» What is needed:
Set the data down again, exactly as it reads, but without the pictures.

(Stored items from a collection)
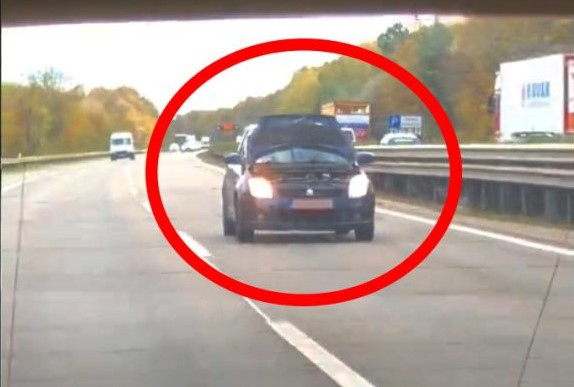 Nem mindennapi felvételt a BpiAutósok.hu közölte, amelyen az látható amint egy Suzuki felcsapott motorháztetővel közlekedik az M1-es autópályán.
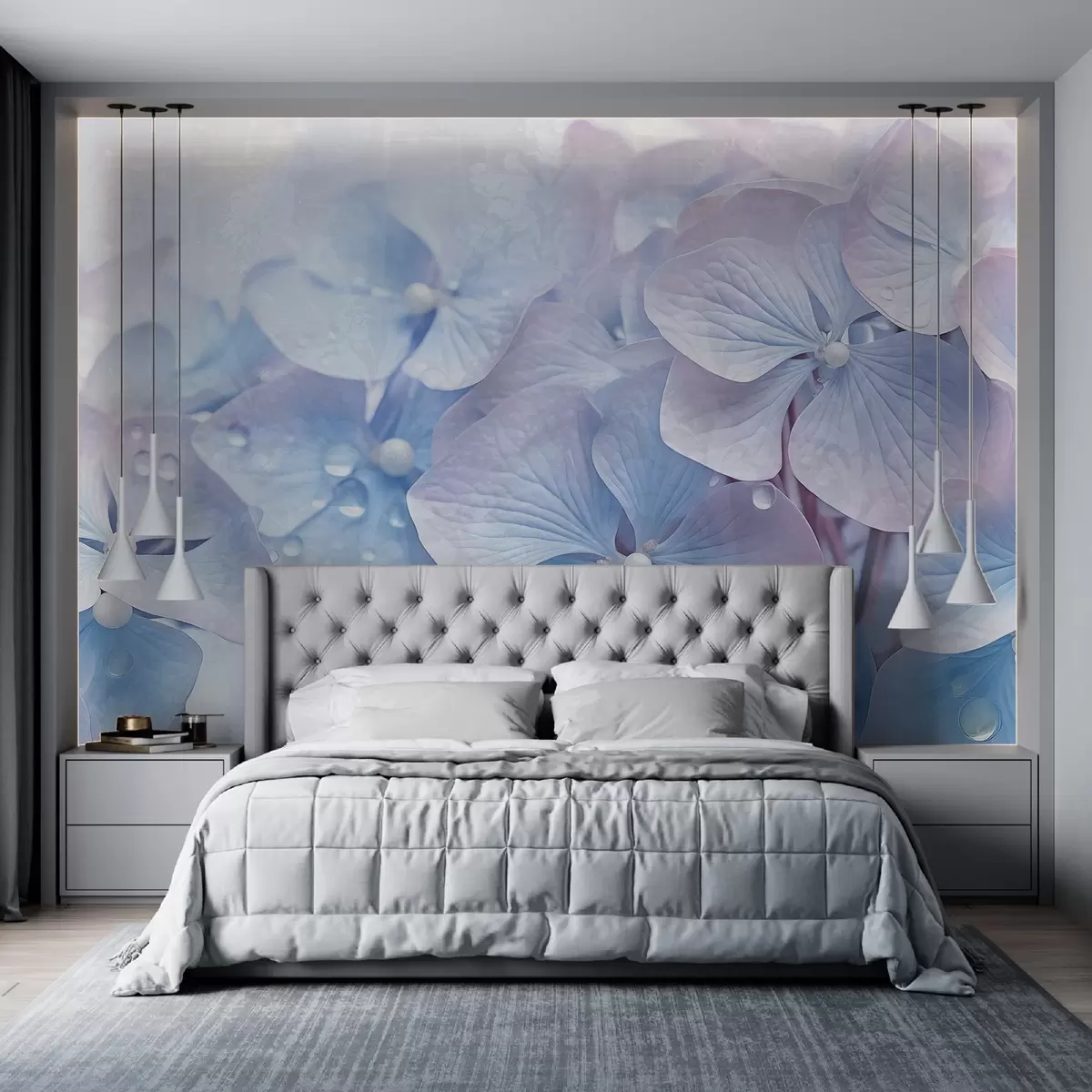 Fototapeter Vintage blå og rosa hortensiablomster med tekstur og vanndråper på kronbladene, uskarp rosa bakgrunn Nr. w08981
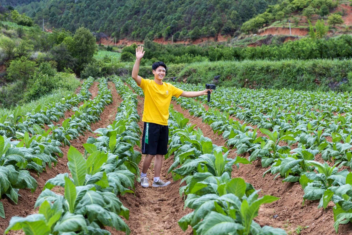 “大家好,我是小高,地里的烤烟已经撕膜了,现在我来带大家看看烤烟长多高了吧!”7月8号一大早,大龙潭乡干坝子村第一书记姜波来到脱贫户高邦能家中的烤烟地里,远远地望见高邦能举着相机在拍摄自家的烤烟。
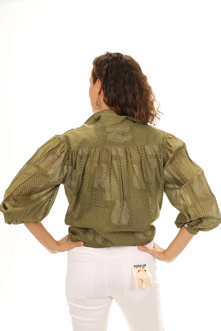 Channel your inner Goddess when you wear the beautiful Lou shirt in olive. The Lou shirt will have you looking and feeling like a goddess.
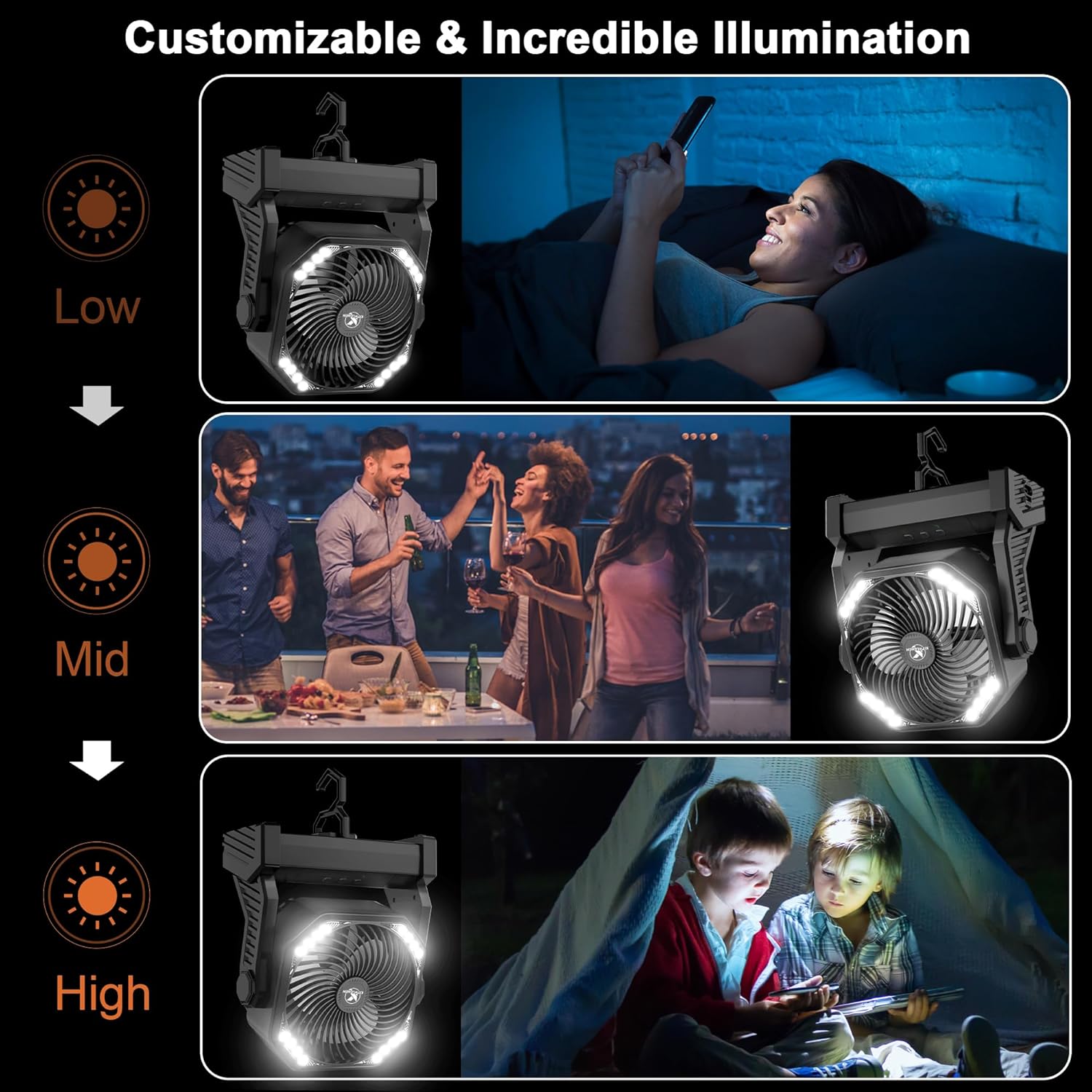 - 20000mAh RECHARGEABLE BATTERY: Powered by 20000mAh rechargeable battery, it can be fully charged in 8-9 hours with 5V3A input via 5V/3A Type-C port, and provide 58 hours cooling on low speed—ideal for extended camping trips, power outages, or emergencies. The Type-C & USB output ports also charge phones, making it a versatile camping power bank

» Output of the exercise:
 Nem mindennapi felvételt a BpiAutósok.hu közölte, amelyen az látható amint egy Suzuki felcsapott motorháztetővel közlekedik az M1-es autópályán.
 Fototapeter Vintage blå og rosa hortensiablomster med tekstur og vanndråper på kronbladene, uskarp rosa bakgrunn Nr. w08981
 “大家好,我是小高,地里的烤烟已经撕膜了,现在我来带大家看看烤烟长多高了吧!”7月8号一大早,大龙潭乡干坝子村第一书记姜波来到脱贫户高邦能家中的烤烟地里,远远地望见高邦能举着相机在拍摄自家的烤烟。
 Channel your inner Goddess when you wear the beautiful Lou shirt in olive. The Lou shirt will have you looking and feeling like a goddess.
 - 20000mAh RECHARGEABLE BATTERY: Powered by 20000mAh rechargeable battery, it can be fully charged in 8-9 hours with 5V3A input via 5V/3A Type-C port, and provide 58 hours cooling on low speed—ideal for extended camping trips, power outages, or emergencies. The Type-C & USB output ports also charge phones, making it a versatile camping power bank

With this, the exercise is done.